Learning to Observe to Learn by Observation
JENNIFER LONGANO (Fred S. Keller School)
Abstract: From a behavioral selectionist perspective, it is stimuli that select out responding. In the case of Observational Learning, responding must come under the relevant stimulus control of stimuli associated with people in the observer’s environment. In many cases these stimuli develop as conditioned reinforcers naturally without the need for any intervention. In other cases, these stimuli need to be deliberately and specifically conditioned until they come to exert the necessary stimulus control. This paper will describe the foundational observing responses, or preverbal cusps, necessary for children to come under observational stimulus control in order to learn by observation.
Interventions to Establish Observational Learning Cusps
JESSICA SINGER-DUDEK (Teachers College, Columbia University)
Abstract: Researchers have identified several behavioral developmental cusps associated with Observational Learning (OL). These cusps allow individuals to 1) demonstrate changes in responses that were previously in their repertoire, 2) acquire new operants, and 3) establish reinforcement properties across different stimuli by observing others receiving those items under denial conditions. Researchers have also developed different interventions to establish one or more of these OL cusps for students with and without disabilities. This paper will present three of those interventions, as well as systematic variations of each, demonstrating compelling evidence of the success of these procedures in furthering participants’ social learning.
A Systematic Review of Observational Conditioning-by-Denial Interventions
HUNG CHANG (Teachers College, Columbia University)
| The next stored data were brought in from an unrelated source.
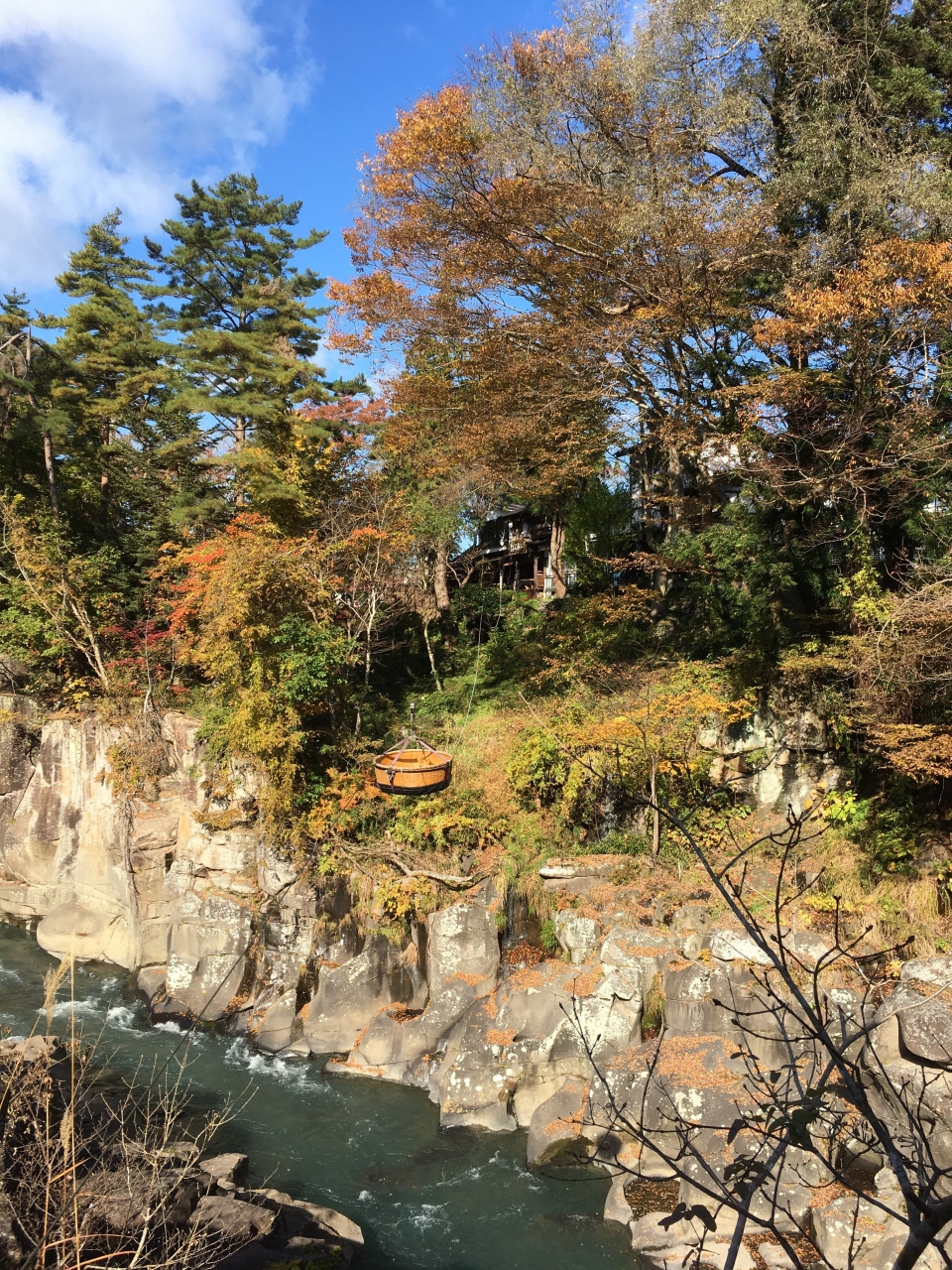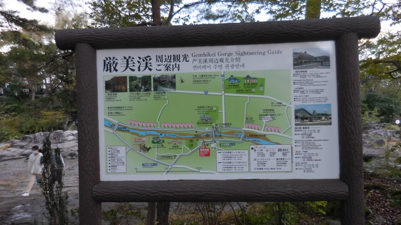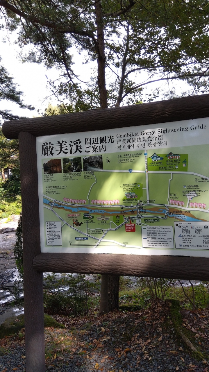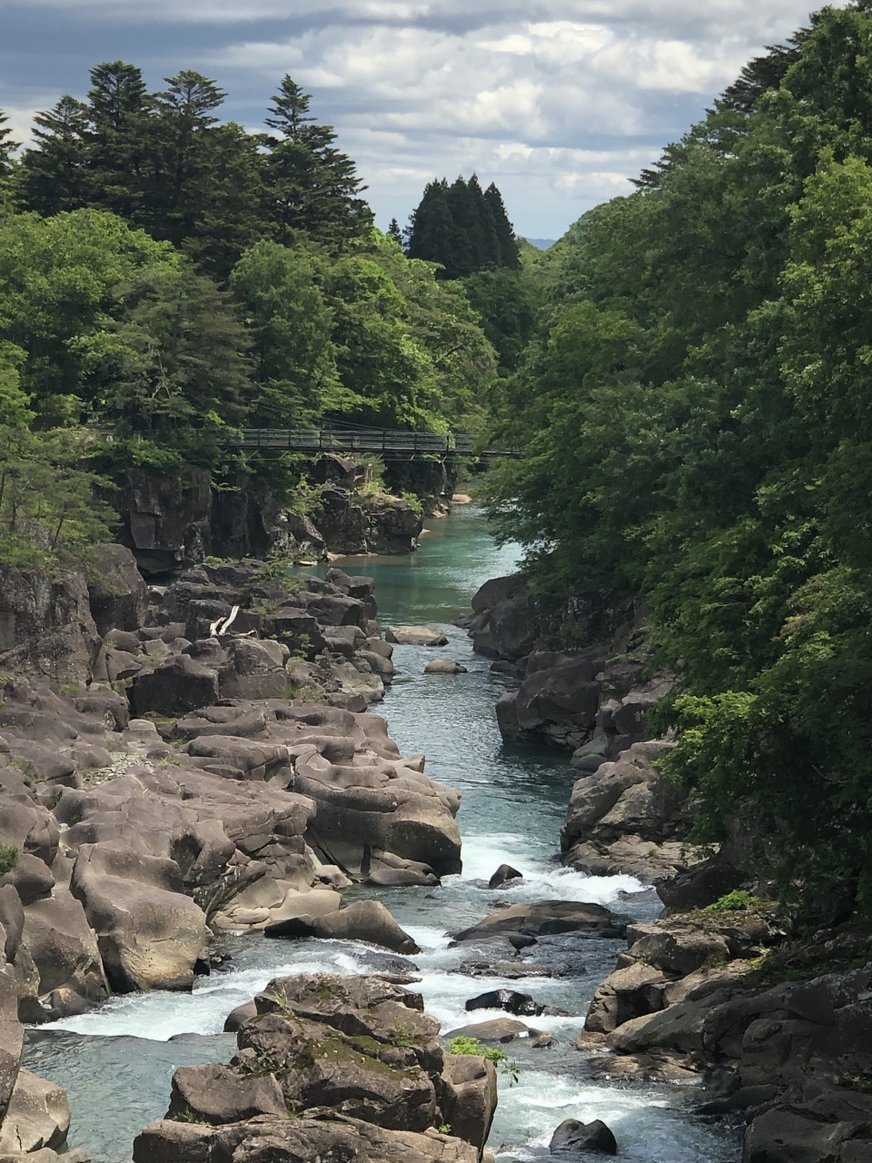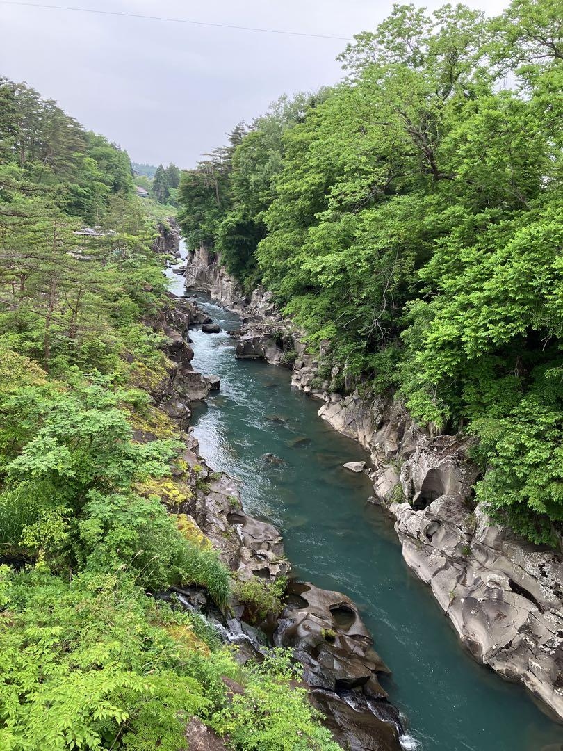 岩手県の磐井川沿いにある渓谷。磐井川が巨岩を浸食し、2kmにわたり渓谷美を見せる。渓流をはわんだ対岸のお茶屋からだんごとお茶を買う「空飛ぶだんご」が名物。吊り橋から眺める蒸留の荒々しい流れと下流のゆったりした淵が対象的。甌穴が見せる渓流美が美しい。名勝天然記念物指定。紅葉の見頃は10月中旬~11月上旬。
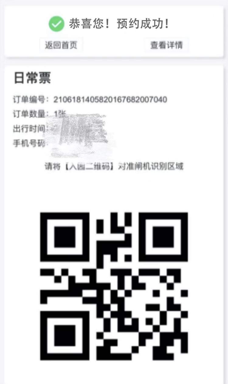 6.预约成功,接收入园二维码,预约成功后可凭二维码直接扫码入园,也可在园区检票处刷身份证入园。
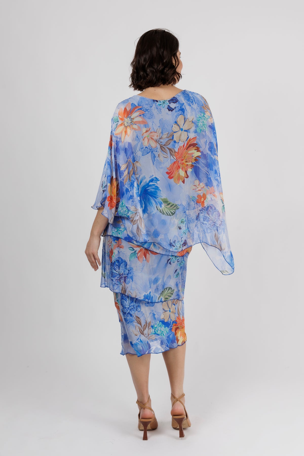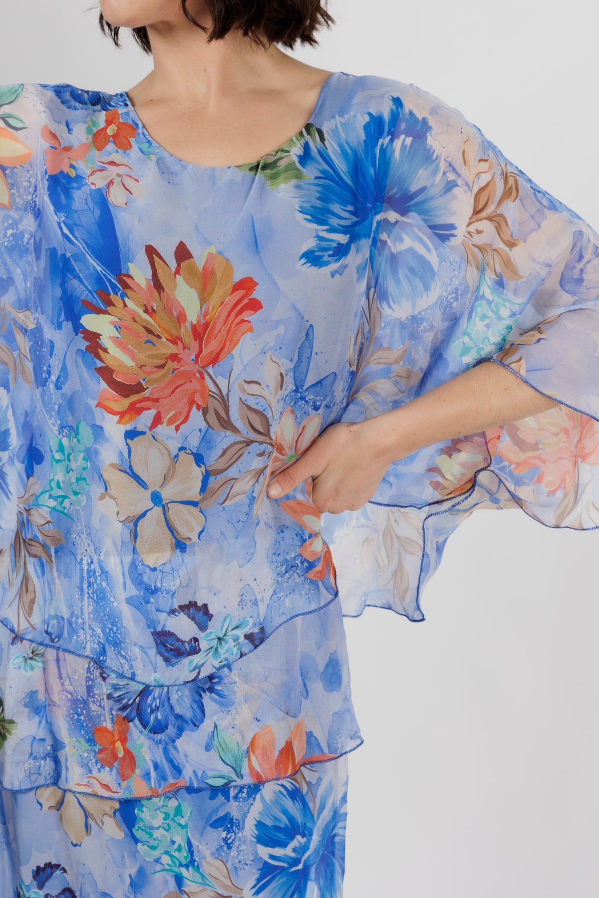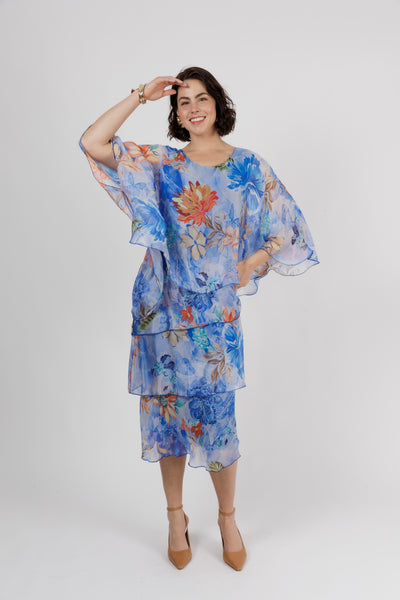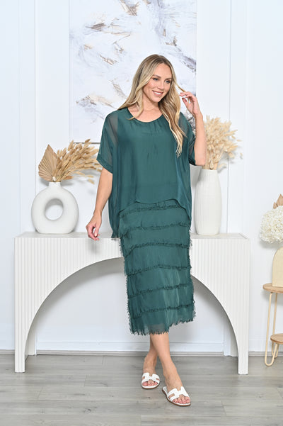 - Layers of silk blend fabric, with raw hems, create a flattering tiered silhouette from the waist down

Abstract: A majority of studies have examined the effects of observational learning on various performance and learning behaviors; however, few studies have focused on how observational learning changes the reinforcement value of neutral stimuli for children when they were denied access to the stimuli. Researchers conceptualized this conditioning process as observational conditioning-by-denial intervention (OCDI). Researchers have tested the effects of OCDI on establishing reinforcing properties across various educationally significant stimuli (e.g., books, adults’ praise) over the past decade. This paper will present and analyze a number of different components of the OCDI that affect the effectiveness of the OCDI in establishing new conditioned reinforcers for children with and without disabilities.